There are so many great books coming out this month—first novels and 60-something novels; books set in Berlin, Texas, and the Hamptons; books rife with horror, romance, and reflection. Here are a few to look out for.
Sojourn by Amit Chaudhuri (New York Review Books, Sept. 6): As in the fiction of Teju Cole, Chaudhuri’s narrator walks and thinks. An Indian writer who’s arrived in Berlin as a visiting professor, he ponders Kenzaburo Oe, who once stayed in the same flat where he’s been put up; he soaks up the city’s history. The book “grips the mind,” according to our starred review, which calls Chaudhuri “a masterful writer in his own subtle, thoughtful, demanding genre.”
The Means by Amy Fusselman (Mariner, Sept. 6): Manhattan stay-at-home-mother Shelly Means wants a house in the Hamptons even if it’s made out of used shipping containers. All, of course, will not go smoothly. Our starred review says that with its “deadpan absurdity, pithy prose, and moral je ne sais quoi,” this book is “a trenchant comedy of class and the way we live now.”
Fairy Tale by Stephen King (Scribner, Sept. 6): Maine teenager Charlie Reade befriends his neighbor Mr. Bowditch, who warns him away from the shed in his backyard: It’s “Narnia on the Penobscot,” as our starred review says, with “a whole bunch of people—well, sort of people, anyway—who’d like nothing better than to bring their special brand of evil up to our world’s surface.”
Act of Oblivion by Robert Harris (Harper, Sept. 13): For his latest thriller, Harris heads back to 17th-century England and New England as the fictional Richard Nayler tracks the real-life fugitives Edward Whalley and William Goffe, who helped plot the execution of King Charles I after the English civil war. Our starred review says, “The deeply researched story is the author's brilliant reimagining of real historical events, with sympathetic characters and a compelling plot.”
Canción by Eduardo Halfon; translated by Lisa Dillman and Daniel Hahn (Bellevue Literary Press, Sept. 20): Halfon’s last autobiographical novel, Mourning (2018), was a finalist for the Kirkus Prize; in his new book, his narrator—like the author, a Guatemalan Jew—attends a conference in Tokyo for Lebanese writers. “Another minimasterpiece by a master of the form,” according to our starred review.
The Old Place by Bobby Finger (Putnam, Sept. 20): Finger is the co-host of the witty microcelebrity podcast Who?
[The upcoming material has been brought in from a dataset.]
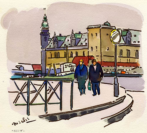 ヘルシンガー(デンマーク) 吉崎 道治 2003年 水彩 21.7×24.8cm YM001-G141 |

Weekly, and his first novel couldn’t be more different: Set in the small town of Billington, Texas, it tells the story of unhappily retired math teacher Mary Alice Roth as she finds her way back into a friendship with her next-door neighbor, Ellie; their relationship had been strained since they both lost their sons, one after the other, just after the boys graduated from high school. “A surprising page-turner,” says our starred review. “Homey, funny, yet with dark corners of anger and grief.”
The Furrows by Namwali Serpell (Hogarth, Sept. 27): Serpell’s first novel, The Old Drift(2019), was a 592-page magical realist epic following four generations in Zambia. Her new book is shorter and more tightly focused on one character, Cassandra, whose brother drowned—or perhaps disappeared?—from a Delaware beach when she was 12 and he was 7. “If The Old Drift was an epic effort to outdo Marquez and Rushdie, this slippery yet admirably controlled novel aspires to outdo Toni Morrison, and it earns the comparison,” says our starred review. “Stylistically refreshing and emotionally intense, cementing Serpell’s place among the best writers going.”
Laurie Muchnick is the fiction editor.